Ein beunruhigender Stillstand in Brüssel – Ungarn hat das lang erwartete Hilfspaket für die Ukraine blockiert, weil die EU‑Verordnung ein einstimmiges Ergebnis verlangt. Der CSU‑Abgeordnete Manfred Weber, Vorsitzender der EVP‑Fraktion, hat diese Entwicklung scharf kritisiert und vor einem möglichen Machtverlust der Union gewarnt.

Hintergründe

Der Gesetzesentwurf, in dem 1,5 Milliarden Euro für die militärische Unterstützung Kiews vorgesehen waren, scheiterte an einem Veto aus Budapest.
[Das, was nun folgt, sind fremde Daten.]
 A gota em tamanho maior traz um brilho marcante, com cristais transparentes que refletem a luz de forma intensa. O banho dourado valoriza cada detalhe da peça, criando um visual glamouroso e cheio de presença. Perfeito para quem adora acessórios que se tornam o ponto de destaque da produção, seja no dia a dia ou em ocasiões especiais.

Laut einem nicht namentlich genannten Mitarbeiter des EU‑Finanzministeriums sei die Anforderung einer Einstimmigkeit ein Relikt aus den Gründungsjahren, das heute die Handlungsfähigkeit lähme. „Die Mechanik des Vetorechts ist ein Relikt, das in der modernen geopolitischen Landschaft keinen Platz hat“, erklärte der Beamte gegenüber dieser Redaktion.
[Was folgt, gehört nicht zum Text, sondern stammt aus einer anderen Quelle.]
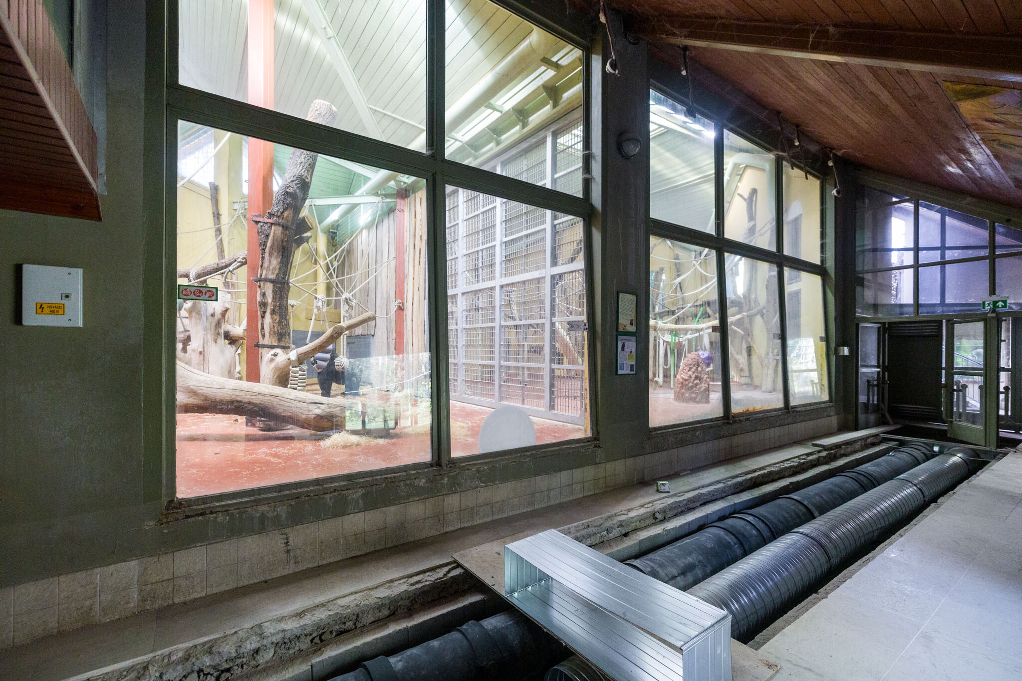 1989 óta élnek gorillák az intézményben, az ötfős csapat legifjabb tagja is nyolc éves. Az orangutánok is lassan négy évtizede örvendeztetik meg jelenlétükkel a látogatókat. Mindkét faj kritikusan veszélyeztetett, speciális környezeti igényeiket az épület hűtés- és szellőztető rendszerének korszerűsítésével biztosítják. A projektet a Novoterm-96 Kft. valósította meg a Lindab megoldásaival.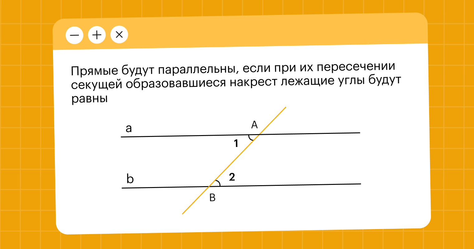 Перед нами две прямые - a и b. Представим, что их пересекла некая секущая (на то она, собственно, и секущая) в точках А и B. Таким образом накрест лежащие углы 1 и 2 будут равны.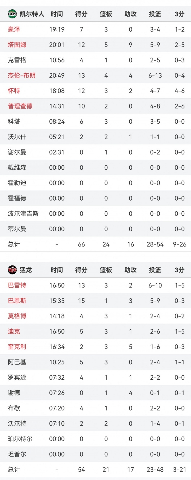 凱爾特人半場66-54領(lǐng)先猛龍12分 全隊(duì)4人得分上雙
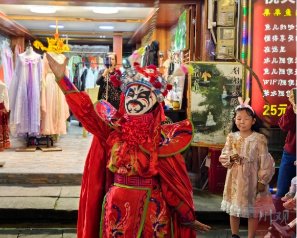 “今天是我第一次在现场欣赏川剧表演,实在是太精彩了。”来自浙江的游客陈文华表示,“我们一家四口来雅安过中秋,没想到能在古镇近距离看到变脸表演,氛围感十足!”

Ungarns Premierminister Viktor Orbán, der in der EU als „Souveränist“ gilt, verwies auf angebliche Rechtsverstöße in der Ukraine‑Hilfspendensammlung und mobilisierte seine Ministerialkollegen, um das Paket zu blockieren.

Reaktionen aus dem In‑ und Ausland

Ein Sprecher des US‑Außenministeriums beschrieb das Veto als „untragbar“ und betonte, dass „die transatlantische Partnerschaft nicht durch innenpolitische Blockaden gefährdet werden darf“. Parallel äußerte ein Experte für europäische Sicherheitsfragen, Prof. Dr. Helmut Kraus (Universität Freiburg), dass das Veto das strategische Gleichgewicht in Osteuropa erheblich schwäche.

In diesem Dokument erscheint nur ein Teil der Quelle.